These days, and for years now, bruschetta can be found in restaurants all over the country, but for a long time we never came closer than old-fashioned Italian-American garlic bread. Over the last few years my father has been making different kinds of bruschetta for family gatherings. This version relies on a staple, roasted red peppers, and garlic. If you’re frightened of garlic, use less, and possibly cut it into smaller pieces. Fans of extreme garlic, like myself, can always add more. Just remember garlic is good for you.
Garlic Lover’s Roasted Red Pepper Bruschetta
For the crostini
- 8 slices bread Italian, Cuban, French, etc.
- 1 large garlic clove
- ¼ cup extra virgin olive oil
For the topping
- 1 jar roasted red peppers 12 ounces
- 3 garlic cloves minced
- 1 tablespoon fresh basil chopped
- 2 tablespoons extra virgin olive oil
- Salt and pepper to taste
Slice the bread diagonally and place on a baking sheet. Place under the broiler and brown.

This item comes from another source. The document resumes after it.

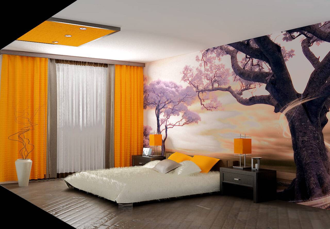 Гигантское дерево, напечатанное на фотообоях, «унесёт» хозяина спальни в дальние просторы и создаст ощущение полного единения с природой. Яркие жёлтые акценты придадут спальне настроения и красок.

Turn bread and brown the other side.
Remove bread from oven and rub one side of each slice with the clove of garlic, then brush with olive oil.
Put the minced garlic and chopped basil in a bowl.
Drain the jar of peppers; dice and place in bowl with garlic and basil.
Add salt and pepper to taste and add the olive oil. Mix well.
Spread topping generously on crostini and serve.